An Intimate Ecology of Our Wild Ocean

by Julia Whitty

Pub Date: July 9th, 2010
ISBN: 978-0-618-11981-3
Publisher: Houghton Mifflin

Mother Jones correspondent Whitty (The Fragile Edge: Diving and Other Adventures in the South Pacific, 2007, etc.) looks at the life of the oceans and the sea creatures she has observed over the past 30 years.

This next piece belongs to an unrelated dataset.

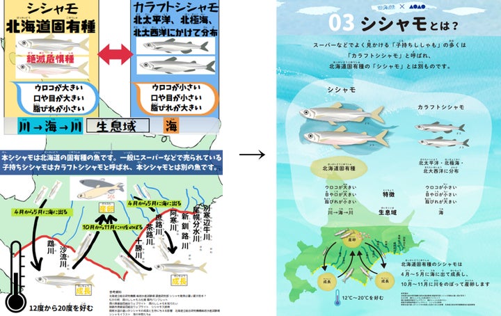 彼らは北海道むかわ町でのフィールドワークを通じて「シシャモ」の漁獲量の減少を知り、多くの人にその現状を伝えたいという思いから展示を企画しました。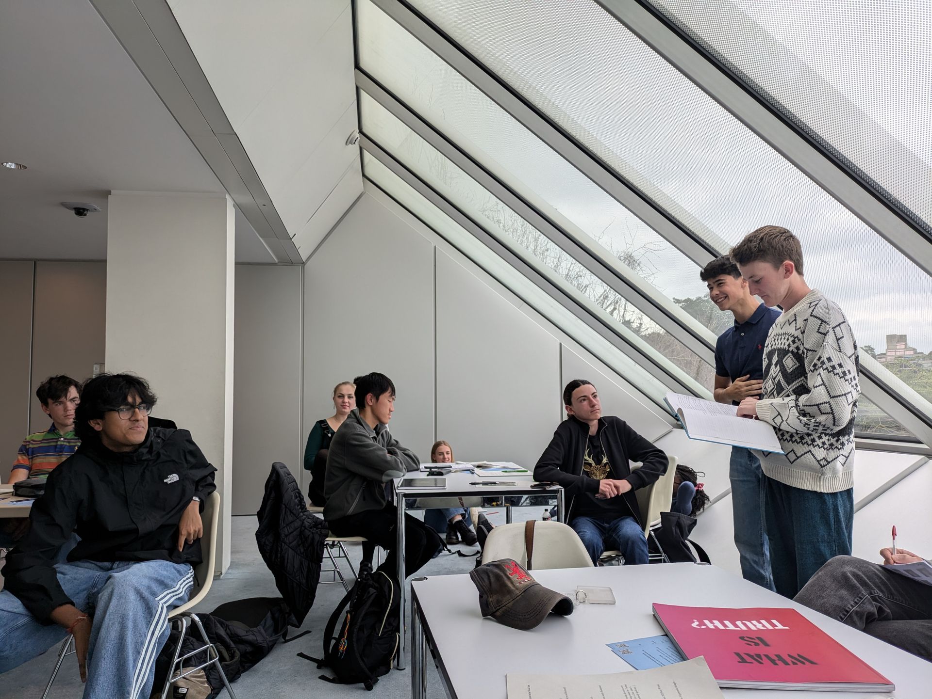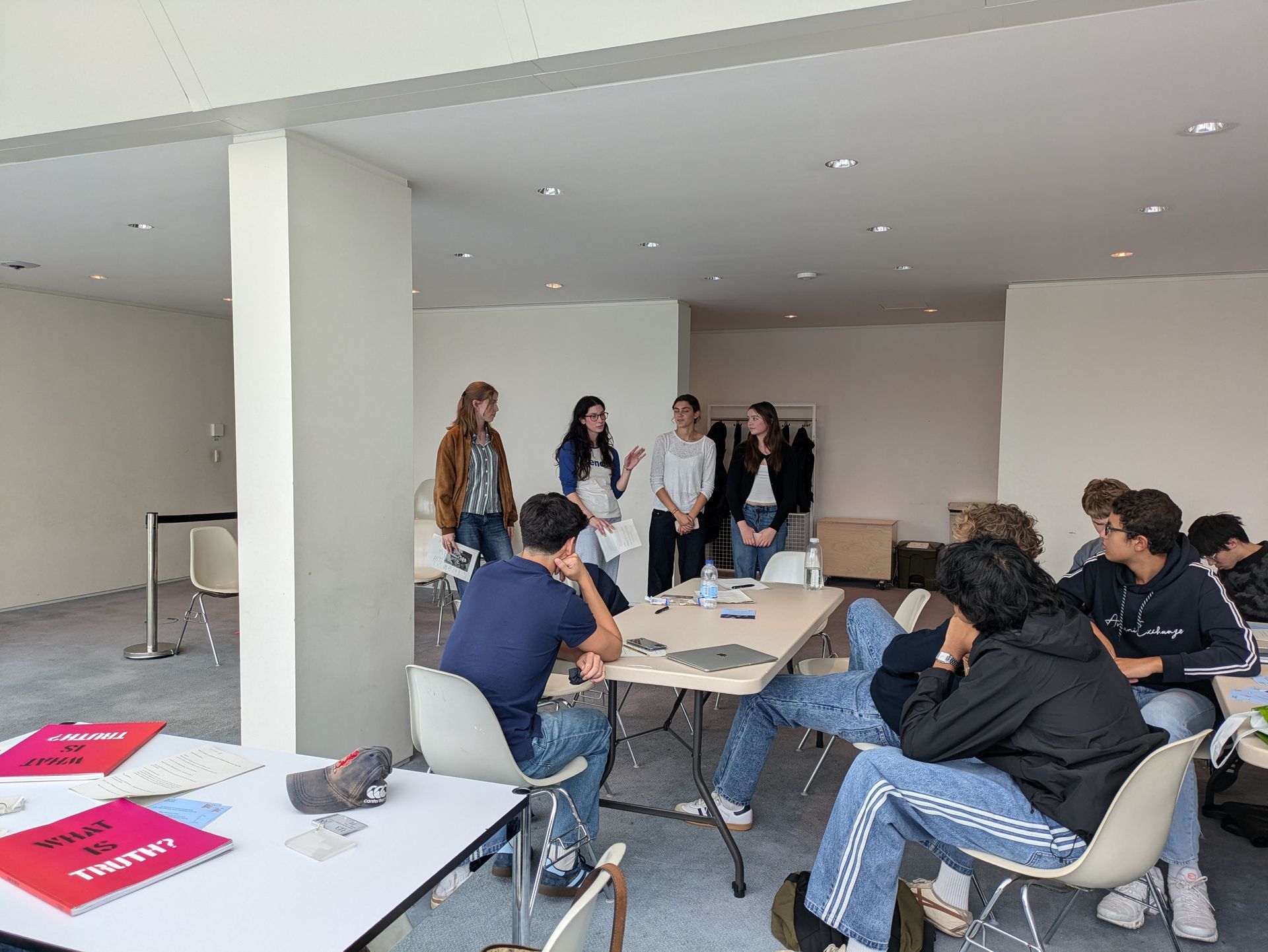 A group of sixth form academic scholars visited the Sainsbury Centre exhibition "The camera never lies" part of the "What is Truth?" series they have been running. The pupils chose which image to discuss first as a small group and then with the whole room. The themes they chose ranged from voting fraud in the USA, to censorship and the digital world and the ethics of photojournalism.

The author expresses significant concern about the fate of the many animals she has communed with, including a massive sea turtle—“straight out of prehistory…whose ancestors once shared the ocean with dinosaurs”—swimming in the Gulf of California with only a 50 percent chance of surviving in any given year because of the dangers of illegal capture, dangerous fishing gear and pollution. In the 1980s, Whitty spent two seasons on Isla Rasa, a small island off the coast of Baja California, where she assisted two scientists who were studying the behavior of falcons and the sea gulls and terns that they preyed upon. After visiting a neighboring island to observe least storm-petrels, “the smallest species among the smallest of all the seabirds,” she explains that they were probably named for Saint Peter, who, like the petrels, supposedly walked on water. In 1984, she and a partner filmed seals and small minke whales as they fished and witnessed an iceberg “slicing like a blue fluke into the air and listing in the wind before disintegrating into a debris field of slush and brash ice skidding across hundreds of yards of ocean surface.” Today, laments the author, along with the pollution of the oceans, modern fishing boats use monofilament fishing lines (with more than two billion hooks) and drift nets to catch tuna and cod, a practice that also threatens the lives of other fish, sea turtles and sea birds. In 2006, Whitty began work with a scientific crew searching for clues to the origins of life in the depths of the ocean.

A lovely, soft-spoken book about the “joy, inspiration, wonder, laughter, ideas” that come from relating to Earth’s “nonhuman world.”